Он смущенно молчал. Потом неохотно кивнул. Сказал, что, отдав своих солдат и гражданское население в руки достойного и благородного противника, думал о том, что его миссия окончена и теперь он может подумать о себе, но… нечаянно уснул. “Так это, чтобы подумать о себе, вам понадобилось оружие? – спросил я, прямо глядя ему в глаза. – Вы уже дважды предпринимали попытки его вернуть”. Он собрался отвечать, но, видимо, вспомнив, что я не армейский, передумал. По его представлениям, я не способен был понимать, в чем состоит долг немецкого генерала, чья армия и страна три дня назад признала свое поражение».
В первые же дни после официальной капитуляции Германии некоторые немецкие генералы действительно пустили себе пулю в лоб. Венка среди них не было. Может быть, искать его следует среди не смирившихся с поражением?
Еще до подписания документов о капитуляции во Фленсбурге, в резиденции гросс-адмирала Деница, был составлен секретный меморандум, суть которого заключалась в скором вступлении в военный союз Америки, Англии и Германии, чьи вооруженные силы следовало максимально сохранить и преумножить. «Тщательно собирать германское оружие и складывать его, чтобы его легко можно было раздать германским солдатам, с которыми нам пришлось бы сотрудничать, если бы советское наступление продолжалось» (текст так называемой «вудфордской телеграммы» Черчилля дается по публикации «Дейли Геральд» от 24.11.1954 г.) [4]. Эту телеграмму Монтгомери расценил как сигнал к началу долгосрочной кампании по сотрудничеству с немецкими генералами.
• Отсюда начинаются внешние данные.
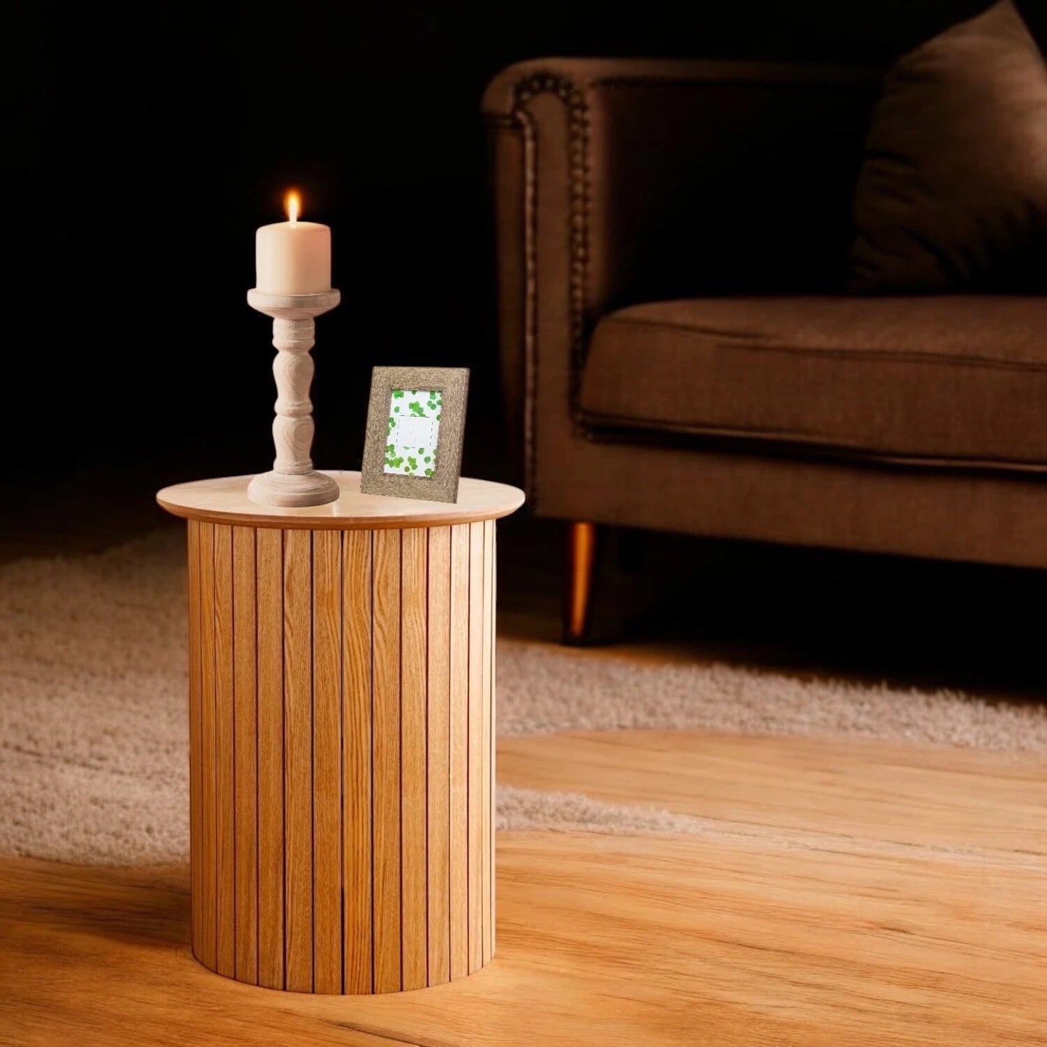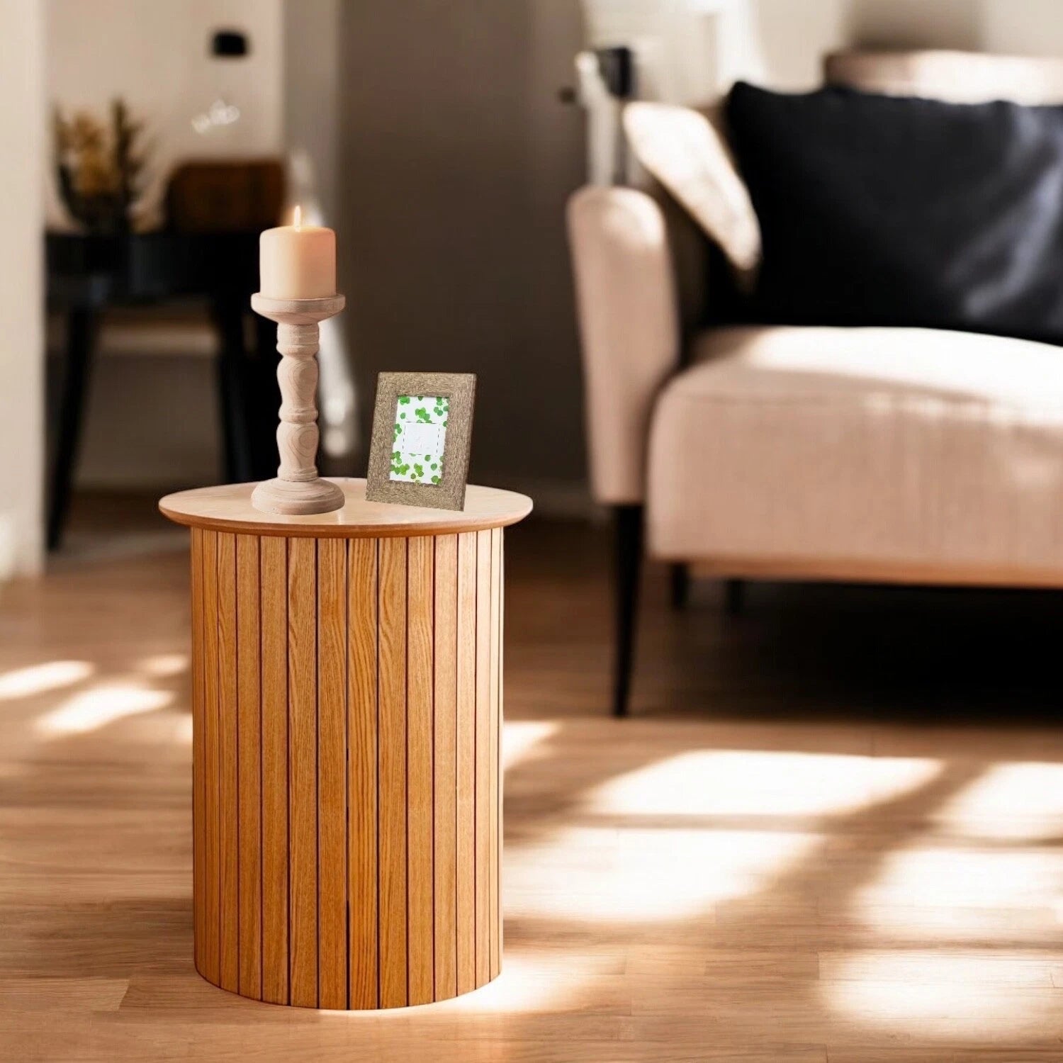 Oak Effect Round Side Table Coffee Table Plant Table Home Furniture

Монтгомери имел список лучших генералов, в котором на первом месте стоял генерал-фельдмаршал Буш, командовавший немецкими войсками в Северо-Западной Европе. Дальше следуют многие известные имена: Мильх, Мантейфель, Линдеман, Шперле, Кессельринг, Бласковиц, Манштейн, Лист… даже старичок Рундштедт – все годились в дело. Но основная нагрузка по созданию будущего немецкого бундесвера должна была лечь на плечи молодых – Ганса Шпейделя [5], Адольфа Хойзингера [6] и Вальтера Венка.
Если вы уже прочитали примечание в конце книги, то всё поняли. Для остальных поясню: последняя строчка в официальной биографии Хойзингера: «С 1962 года – представитель НАТО в Вашингтоне». Последняя запись в биографии Шпейделя: «С 1957 года командующий сухопутными войсками НАТО в центральной Европе». А у Венка – «Председатель Совета директоров фирмы “Феррошталь”, город Бонн. В 1982 году погиб в автокатастрофе». Как видим, расчет на него отчего-то не оправдался. Это притом что именно его кандидатуру в качестве будущего командующего бундесвером отстаивал перед своими новыми хозяевами авторитетный у них Рейнхард Гелен [7].
Возможно, и Гелен, служивший с Венком еще при Гудериане, и американцы с англичанами, помнили, что «самым одаренным из моих генералов» называл Вальтера Венка сам Адольф Гитлер.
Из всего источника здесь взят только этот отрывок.